▸ **Task item**
Repeat only the stretch of lines below that runs from the line with "Lee秋冬新款格紋斜挎包女包法式復古通勤手提包英倫風時尚三角包" through the line with "吴京好像专挑硬骨头啃 真的太", unaltered.

▸ **Given data**
━━━━━━

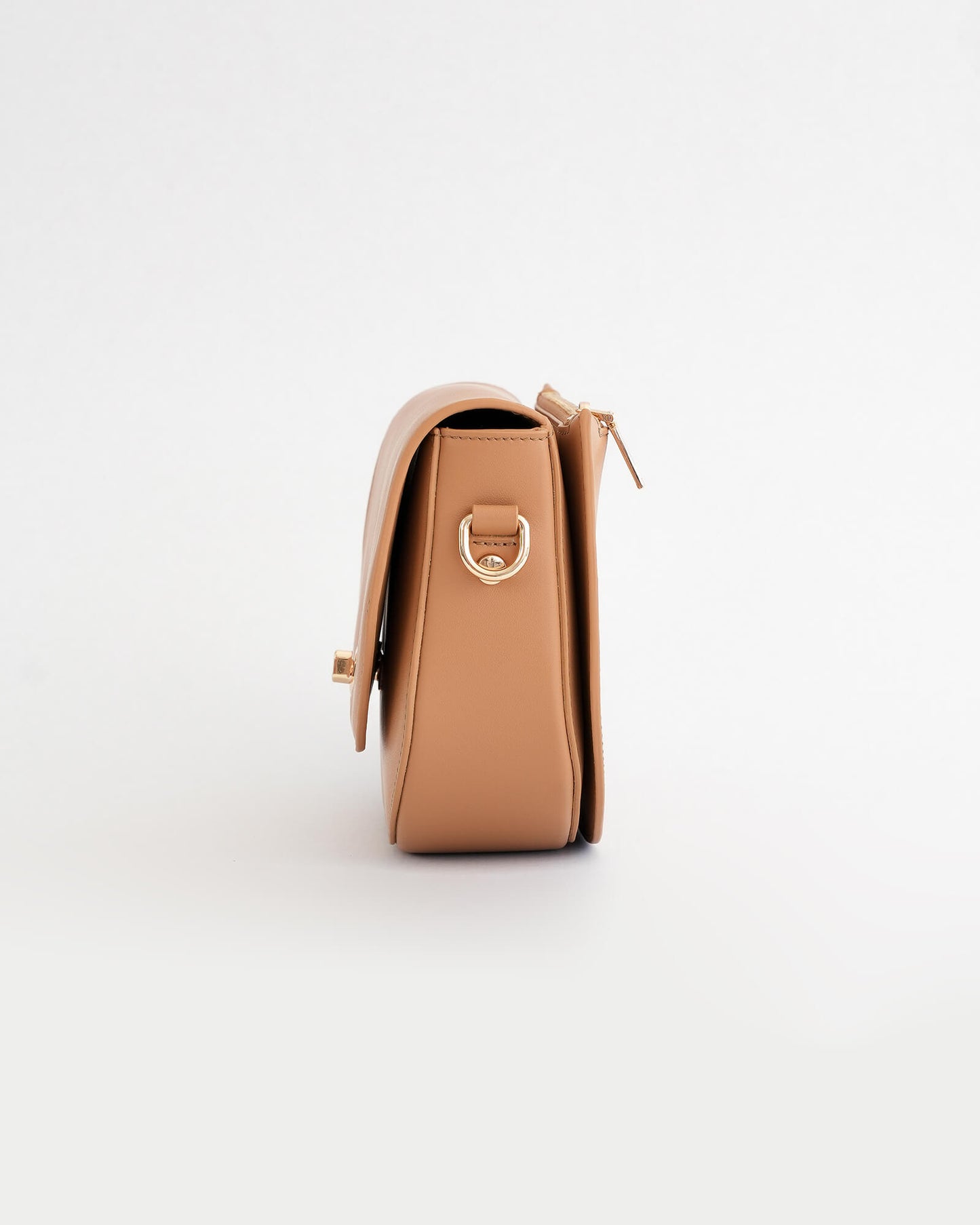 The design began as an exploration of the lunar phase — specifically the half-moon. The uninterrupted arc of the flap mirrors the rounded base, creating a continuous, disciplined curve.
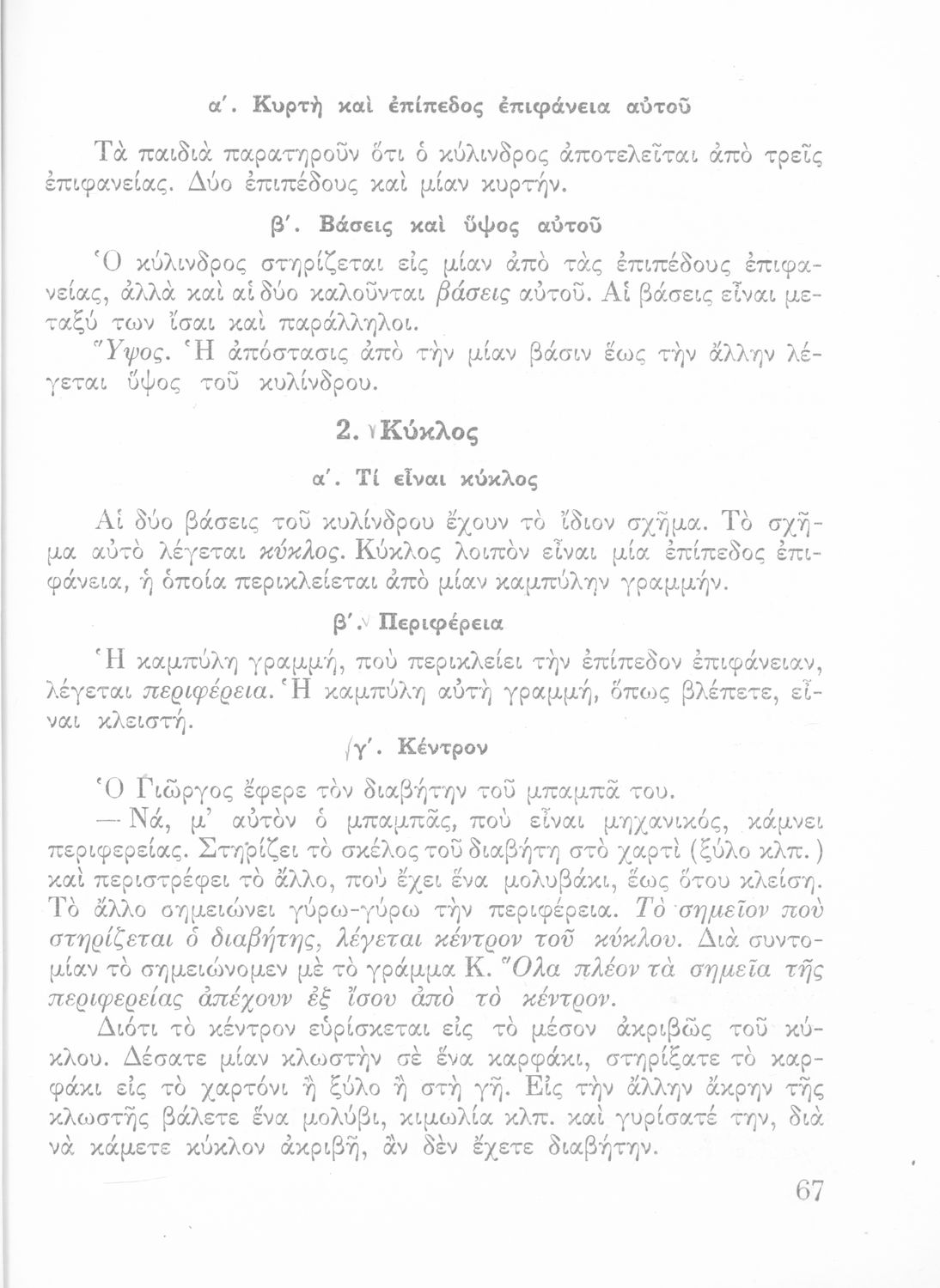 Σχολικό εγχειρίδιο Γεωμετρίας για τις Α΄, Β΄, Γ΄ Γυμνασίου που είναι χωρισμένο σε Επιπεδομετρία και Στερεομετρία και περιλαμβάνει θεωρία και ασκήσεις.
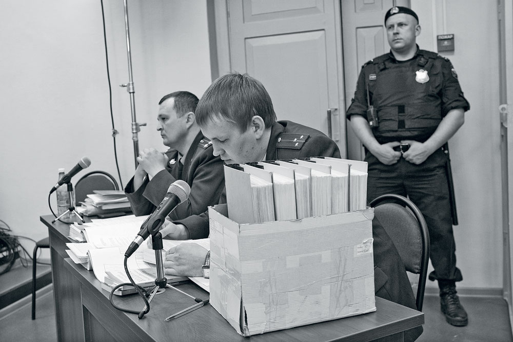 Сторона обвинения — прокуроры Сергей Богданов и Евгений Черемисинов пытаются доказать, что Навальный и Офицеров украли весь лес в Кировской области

━━━━━━

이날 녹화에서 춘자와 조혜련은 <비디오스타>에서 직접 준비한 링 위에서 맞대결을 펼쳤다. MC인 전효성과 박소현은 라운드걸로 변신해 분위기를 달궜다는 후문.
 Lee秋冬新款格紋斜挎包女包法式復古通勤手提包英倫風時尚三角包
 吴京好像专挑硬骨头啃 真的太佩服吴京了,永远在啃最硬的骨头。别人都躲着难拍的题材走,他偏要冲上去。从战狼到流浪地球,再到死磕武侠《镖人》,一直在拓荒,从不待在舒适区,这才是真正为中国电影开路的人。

━━━━━━

▸ **Solution to this exercise**
 Lee秋冬新款格紋斜挎包女包法式復古通勤手提包英倫風時尚三角包
 吴京好像专挑硬骨头啃 真的太佩服吴京了,永远在啃最硬的骨头。别人都躲着难拍的题材走,他偏要冲上去。从战狼到流浪地球,再到死磕武侠《镖人》,一直在拓荒,从不待在舒适区,这才是真正为中国电影开路的人。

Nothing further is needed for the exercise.